SSD journal deployment experiences

daniel.vanderster@xxxxxxx (Dan Van Der Ster) · Fri, 5 Sep 2014 09:42:02 +0000

> On 05 Sep 2014, at 11:04, Christian Balzer <chibi at gol.com> wrote:
> 
> 
> Hello Dan,
> 
> On Fri, 5 Sep 2014 07:46:12 +0000 Dan Van Der Ster wrote:
> 
>> Hi Christian,
>> 
>>> On 05 Sep 2014, at 03:09, Christian Balzer <chibi at gol.com> wrote:
>>> 
>>> 
>>> Hello,
>>> 
>>> On Thu, 4 Sep 2014 14:49:39 -0700 Craig Lewis wrote:
>>> 
>>>> On Thu, Sep 4, 2014 at 9:21 AM, Dan Van Der Ster
>>>> <daniel.vanderster at cern.ch> wrote:
>>>> 
>>>>> 
>>>>> 
>>>>> 1) How often are DC S3700's failing in your deployments?
>>>>> 
>>>> 
>>>> None of mine have failed yet.  I am planning to monitor the wear level
>>>> indicator, and preemptively replace any SSDs that go below 10%.
>>>> Manually flushing the journal, replacing the SSD, and building a new
>>>> journal is much faster than backfilling all the dependent OSDs.
>>>> 
>>> What Craig said.
>>> 
>>> Hell, even none of the consumer Intels (3xx, 520s) I have ever failed,
>>> though they are aging faster of course. 
>>> Still got some ancient X-25s that haven't gone below 96% wearout.
>>> 
>>> I expect my DC 3700s to outlive 2 HDD generations. ^o^ 
>>> 
>>> Monitor and replace them accordingly and I doubt you'll ever loose one
>>> in operation.
>> 
>> OK, that?s good to know.
>> 
>>> 
>>>> 
>>>> 
>>>>> 2) If you have SSD journals at a ratio of 1 to 4 or 5, how painful is
>>>>> the backfilling which results from an SSD failure?

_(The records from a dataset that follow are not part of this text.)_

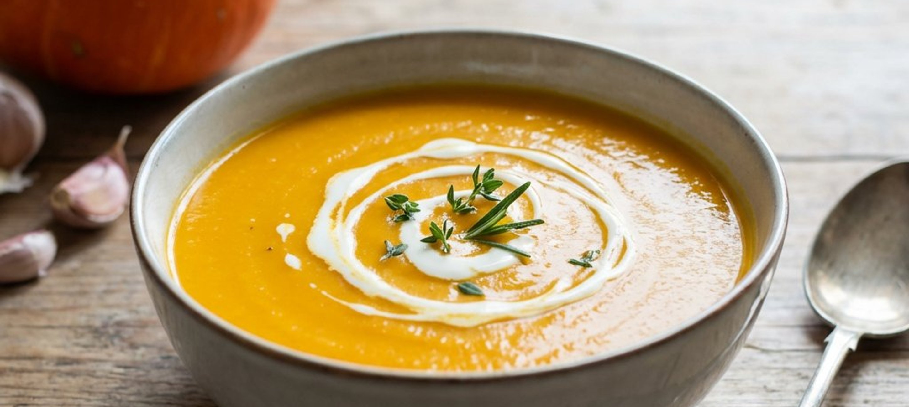 - 1După ce s-a copt, scoateți ierburile aromatice. Curățați usturoiul copt de coajă (miezul va fi moale și se va scoate ușor prin presare). Puneți dovleacul și usturoiul într-un blender sau folosiți un blender vertical, adăugând supa de legume caldă, și mixați până obțineți o cremă fină.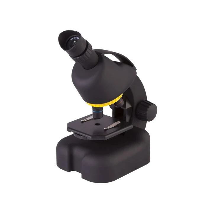 The National Geographic Zoom Microscope allows junior scientists document and share their microscopic discoveries. This compound microscope has a zoom eyepiece, a rotating turret of three objective lenses and a magnification range of 40x-640x. The included adapter allows the user to secure their smartphone to the device to capture the image in the eyepiece for later analysis. The microscope offers LED illumination and comes with slides and a full set of collection tools.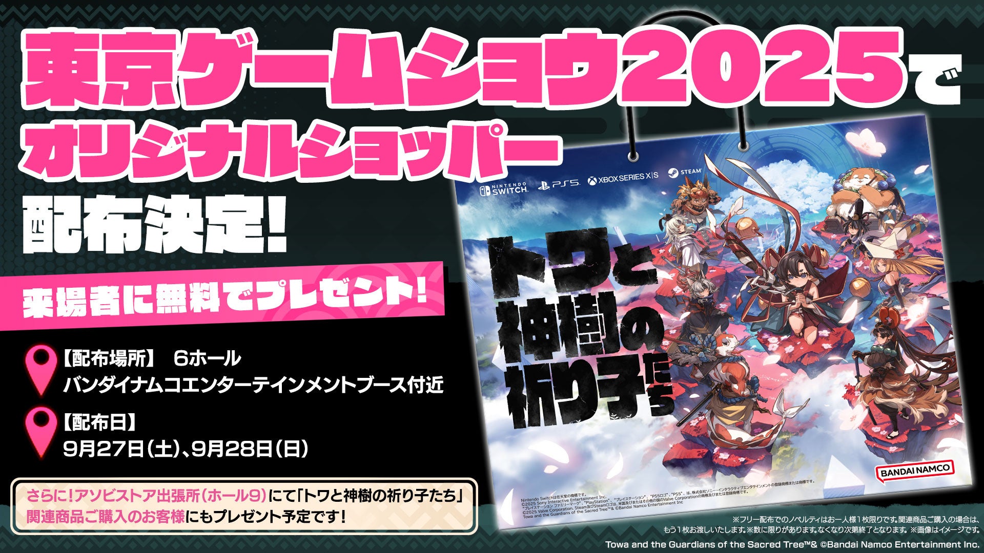 いよいよ今週2025年9月18日(STEAM®版9月19日)に発売を迎える完全新作アクションアドベンチャー、「トワと神樹の祈り子たち」のオリジナル大型ショッパーをフリー配布いたします!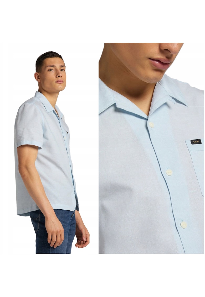 Caracteristici Culoare: albastru Material: bumbac Imprimeu: uni Stil: elegant Croiala: regular fit Lungime maneca: maneca scurta Buzunare: 1 buzunar Detalii: amestec de in Sistem inchidere: nasturi Linie Brand: lee Compozitie Exterior: 63% bumbac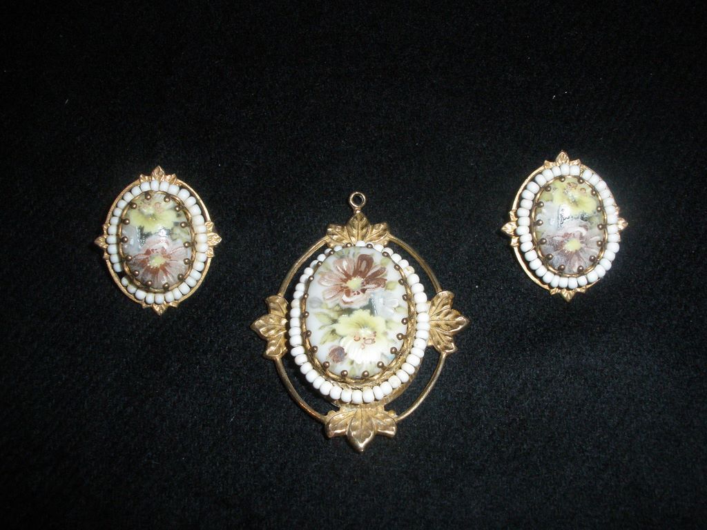 Beautiful Miriam Haskell Necklace and Clip on Earrings. Set is hand painted in excellent condition. Beautiful Miriam Haskell Necklace and Clip on Earrings. Set is hand painted in excellent condition.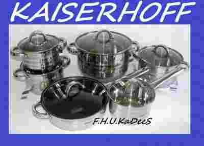 Najnowszy model garnków niemieckiej firmy KAISERHOFF. Naczynia wykonane są z wysokiej jakości stali 18/10, która jest wytrzymała, łatwa w czyszczeniu i długowieczna. GRUBE 5 WARSTWOWE DNO zapewnia szybkie magazynowanie i rozdzielanie ciepła na całą powierzchnię garnka. Solidne nitowane uchwyty zapewniają bezpieczne użytkowanie. Głęboka TEFLONOWA patelnia zapobiega przywieraniu potraw. Zestaw idealnie nadaje się na prezent !!!!!

Have you
>>>>> considered tricks like increasing the down out interval so
>>>>> backfilling doesn?t happen in this case (leaving time for the SSD to
>>>>> be replaced)?
>>>>> 
>>>> 
>>>> Replacing a failed SSD won't help your backfill.  I haven't actually
>>>> tested it, but I'm pretty sure that losing the journal effectively
>>>> corrupts your OSDs.  I don't know what steps are required to complete
>>>> this operation, but it wouldn't surprise me if you need to re-format
>>>> the OSD.
>>>> 
>>> This.
>>> All the threads I've read about this indicate that journal loss during
>>> operation means OSD loss. Total OSD loss, no recovery.
>>> From what I gathered the developers are aware of this and it might be
>>> addressed in the future.
>>> 
>> 
>> I suppose I need to try it then. I don?t understand why you can't just
>> use ceph-osd -i 10 --mkjournal to rebuild osd 10?s journal, for example.
>> 
> I think the logic is if you shut down an OSD cleanly beforehand you can
> just do that.
> However from what I gathered there is no logic to re-issue transactions
> that made it to the journal but not the filestore.
> So a journal SSD failing mid-operation with a busy OSD would certainly be
> in that state.
> 

I had thought that the journal write and the buffered filestore write happen at the same time. So all the previous journal writes that succeeded are already on their way to the filestore. My (could be incorrect) understanding is that the real purpose of the journal is to be able to replay writes after a power outage (since the buffered filestore writes would be lost in that case). If there is no power outage, then filestore writes are still good regardless of a journal failure.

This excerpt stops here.